On Saturday, my spouse sang with the Broward Chorale. Part of the program was selections from The Messiah. How sobering to realize how long I've been hearing people sing this work.
When I was in elementary school, my parents sang it every year, at Easter and at Christmas. It was a community group which met in a huge church. They had free childcare during rehearsals, which is why my parents could participate. I have a memory of being in the church basement with the distant sounds of the rehearsal. We'd be watching whatever Christmas program was on TV, but I'd wish that I could be in the sanctuary, watching the music come together.
Is that a true memory? Was I really that precocious? Or is that just the way I'd put it if I created a scene in a novel? Yes, I think is the answer to all those questions.
It seems that The Messiah is always nibbling around the edges of various holiday happenings. Maybe someone has a CD. Maybe I hear it in a commercial. Maybe I just find myself humming it for no apparent reason.
After all, the lines are from various Advent texts, and when I hear them in church, it triggers that memory of song, which I then hum all week.
This week, I've had the bit "For He shall purify" in my brain. On the one hand, it's simple: my spouse has been practicing it, over and over. But I also wonder if I'm longing for purification. After all, my spouse has been practicing other bits too.

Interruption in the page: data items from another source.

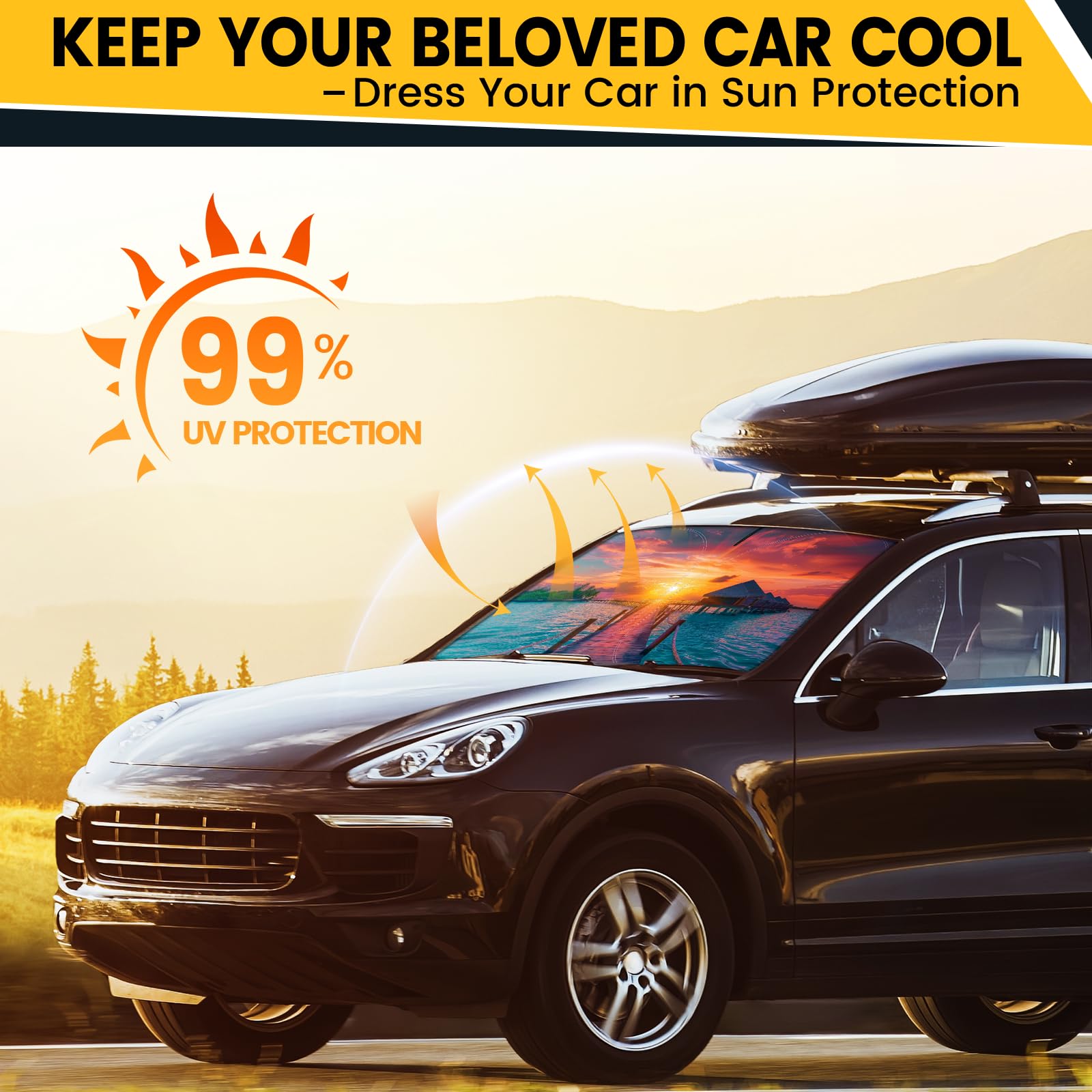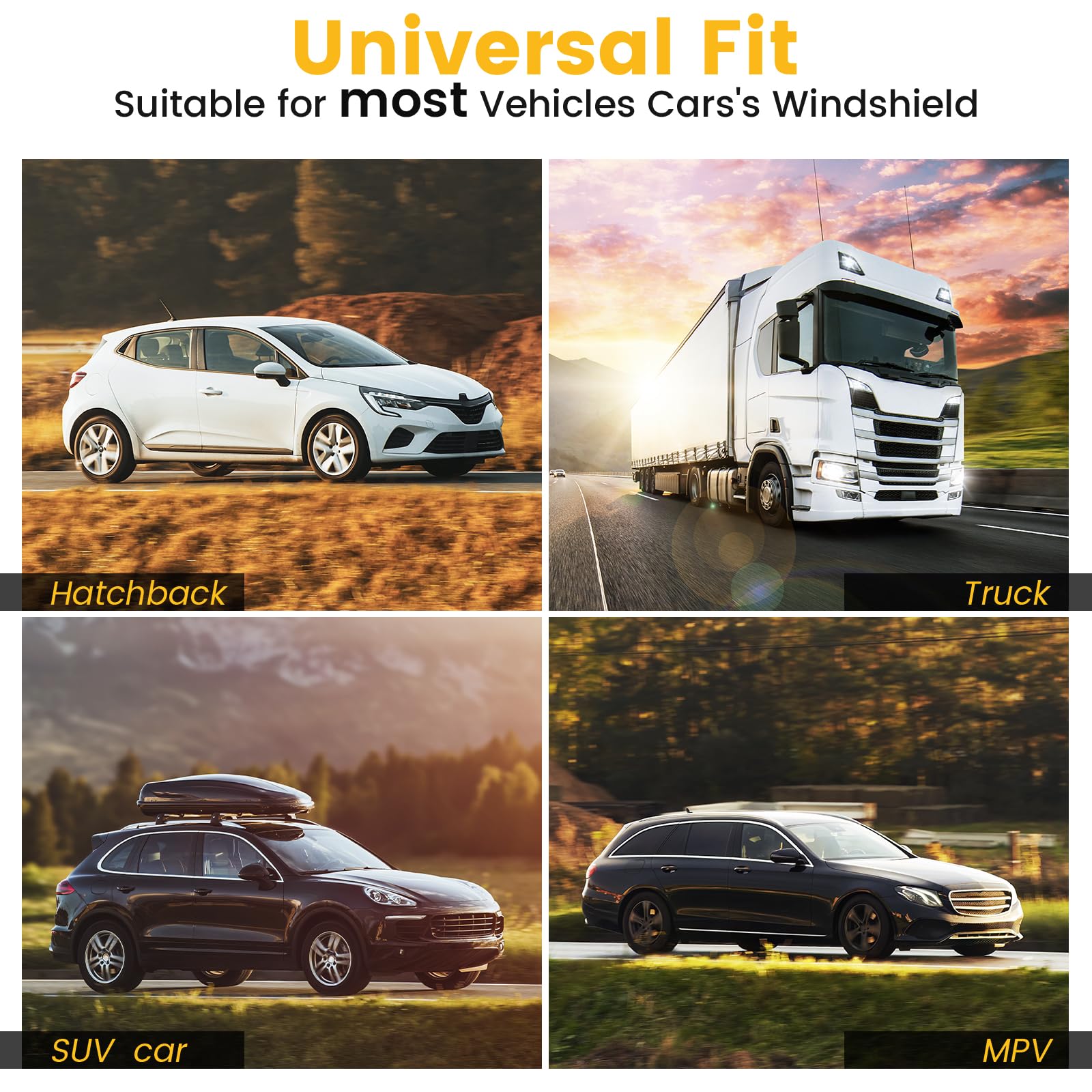 Perfect Fit - Universal Size: 55.2"L x 31.5"W, ideal for most standard cars, Sedans, Mid-Size SUVs and Trucks with regular-sized windshields. We recommend you to measure first before purchasing
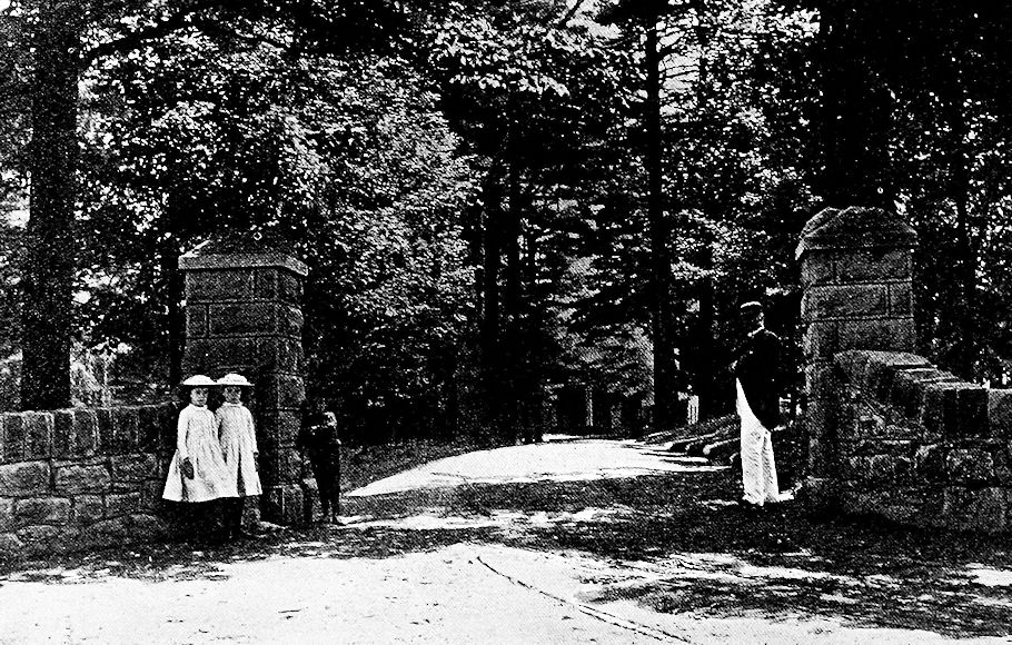 The approach to Ury House is by a broad avenue four hundred feet in length, of venerable pines upward of one hundred years of age. The visitor enters through a pillared porch and broad low hall with heavy rafters, which is heated by a large open fireplace surmounted by a mantle of antique design.
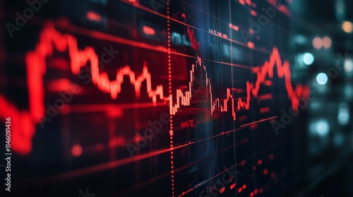 Dow Jones Stock Market goes down. Modern creative red toned economic data graph background.

I've also had the Gilbert and Sullivan that they sang in my head. So I often move from "For he shall purify" to "We are gentleman of Japan." Sigh.
Maybe it's time to step up the Christmas music. I've got so many wonderful CDs and the time is so short.
My spouse and I have been trying to take a walk at night; our neighborhood is so festive with lights. Last night he sang as we walked. I said, "We're carolling." I sang a bit, but I'm fighting a sore throat, so I didn't sing as much.
He asked me which hymns I knew all the verses to; "Joy to the World" came to mind. And just prove we could, we sang 4 verses. I know there's one more verse, maybe 2. But I was impressed we could sing those 4.
But why shouldn't we? We've been singing that song since birth, practically. It's a mainstay of Lutheran Christmas Eve services.
It's what I love about most Christmas music: it's SO singable, and we've been practicing those songs so long. I'll belt out a Christmas song without worrying that I can't do it. I'll sing parts of The Messiah without a pause, but other classical music? No way.
Could I get to that place with other music? Well, plenty of rock and roll songs are like that for me too. But other sacred music? I've probably started too late.
So, I'll enjoy the Christmas music and keep looking for chances to sing. More Christmas carol rambles around the neighborhood, more CDs, Christmas karaoke (tastefully done). Yes, time grows short, and it's time to rise up singing.